A recent study examined the risk of developing inflammatory arthritis in patients with psoriasis initiating biologic treatments.
In the retrospective analysispublished in the Journal of the American Academy of Dermatology, investigators used a large U.S. payer claims database—the Optum Clinformatics Data Mart database—to examine the data of 7,345 patients with psoriasis who initiated biologic treatment between January 2014 and March 2023.
They compared the incidence of inflammatory arthritis among four treatment groups:
- Interleukin (IL)-23 inhibitors (n = 2,712): guselkumab, risankizumab, and tildrakizumab
- IL-17 inhibitors (n = 811): brodalumab, ixekizumab, and secukinumab
- IL-12/23 inhibitors (n = 1,078): ustekinumab
- Tumor necrosis factor (TNF) inhibitors (n = 2,744): adalimumab, certolizumab, etanercept, and infliximab.
Inclusion criteria required patients to be 18 years or older, with ≥ 2 ICD-9/ICD-10 diagnosis codes for psoriasis. Exclusion criteria comprised prior biologic or methotrexate treatment, preexisting psoriatic arthritis or inflammatory arthritis diagnoses, and rheumatologist visits before the index treatment.
Patient characteristics varied slightly among groups. The mean age ranged from 44.68 years (standard deviation [SD] = 15.43) for the IL-12/23 inhibitor group to 50.66 years (SD = 15.31) for the IL-17 inhibitor group. Female representation ranged from 46.28% in the IL-23 inhibitor group to 50.92% in the IL-17 inhibitor group.

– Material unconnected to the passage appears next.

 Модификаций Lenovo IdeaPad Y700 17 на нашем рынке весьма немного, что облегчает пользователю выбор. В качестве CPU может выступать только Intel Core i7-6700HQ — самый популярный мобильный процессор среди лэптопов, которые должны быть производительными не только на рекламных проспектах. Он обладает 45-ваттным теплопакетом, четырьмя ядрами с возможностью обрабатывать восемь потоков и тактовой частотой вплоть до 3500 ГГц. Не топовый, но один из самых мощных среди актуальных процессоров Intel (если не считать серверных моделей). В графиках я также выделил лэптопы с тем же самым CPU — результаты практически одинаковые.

Patients were followed for up to 3 years or until the development of inflammatory arthritis, treatment switch/discontinuation, or loss of follow-up. The primary analysis used a Cox proportional hazards model, adjusting for baseline characteristics such as age, sex, race, region, psoriasis duration, hospitalizations, Charlson comorbidity score, and relevant comorbidities such as cardiovascular diseases, hypertension, chronic obstructive pulmonary disease, diabetes, obesity, liver disease, renal disease, baseline apremilast use, and joint pain any time prior to index biologic treatment.

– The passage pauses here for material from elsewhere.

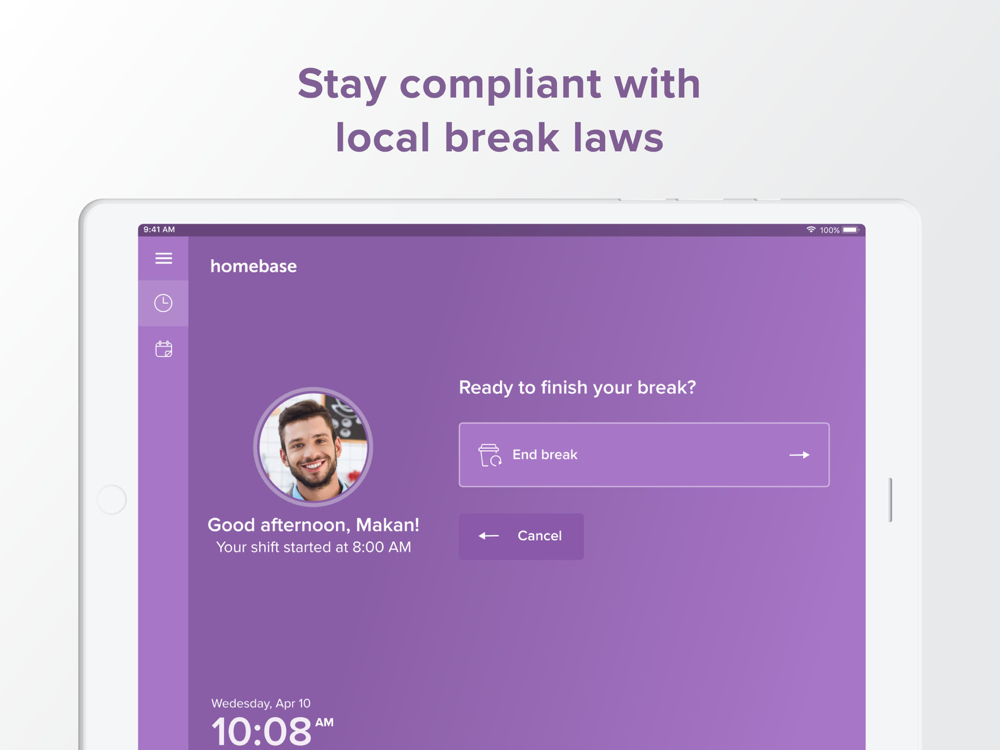 The Homebase time clock app for iPad works seamlessly with all of our time clock apps using a secure PIN. So your employees can clock in on your iPad and clock out from their smartphone, computer, or your point of sale terminal. Plus there’s a built-in offline mode, so you’ll never miss a clock out—even with unreliable Wi-Fi.

The investigators revealed that patients treated with IL-23 inhibitors had a lower risk of developing inflammatory arthritis, including psoriatic arthritis, compared with those receiving other biologic therapies.
Incidence rates of inflammatory arthritis (events per 100 person-years):
- IL-23 inhibitors: 4.99 (95% confidence interval [CI] = 4.10–6.07)
- IL-17 inhibitors: 7.29 (95% CI = 5.64–9.45)
- IL-12/23 inhibitors: 6.06 (95% CI = 4.72–7.81)
- TNF inhibitors: 9.39 (95% CI = 8.27–10.68).
Adjusted hazard ratios for developing inflammatory arthritis (compared with IL-23 inhibitors):
- IL-17 inhibitors: 1.44 (95% CI = 1.04–2.01, P = .0294)
- TNF inhibitors: 1.90 (95% CI = 1.50–2.42, P < .0001).
Similar trends were observed for the risk of developing specifically psoriatic arthritis.
The investigators conducted several sensitivity analyses to increase the robustness of their findings:
- Requiring at least two instances of ICD-9/ICD-10 codes for inflammatory arthritis diagnosis
- Expanding the start of the outcome follow-up period to 3 months post–index treatment initiation
- Expanding the start of the outcome follow-up period to 6 months post–index treatment initiation.
All sensitivity analyses showed similar trends, further strengthening the study's findings.
The investigators noted that their findings were consistent with previous studies implicating IL-12, IL-17, and IL-23 in the development of psoriatic arthritis. Study limitations included the potential for protopathic bias, as clinicians may be more likely to prescribe IL-17 or TNF inhibitors in patients presenting with joint pain or a perceived risk of inflammatory arthritis. The investigators attempted to mitigate this by excluding patients with baseline inflammatory arthritis, methotrexate use, and prior rheumatologist visits.
This retrospective study revealed that patients with psoriasis treated with IL-23 inhibitors were less likely to develop inflammatory arthritis or psoriatic arthritis compared with those treated with IL-17 or TNF inhibitors. These findings may provide valuable insights for health care providers when treating patients who may be at increased risk of developing inflammatory arthritis.
Conflict of interest disclosures can be found in the study.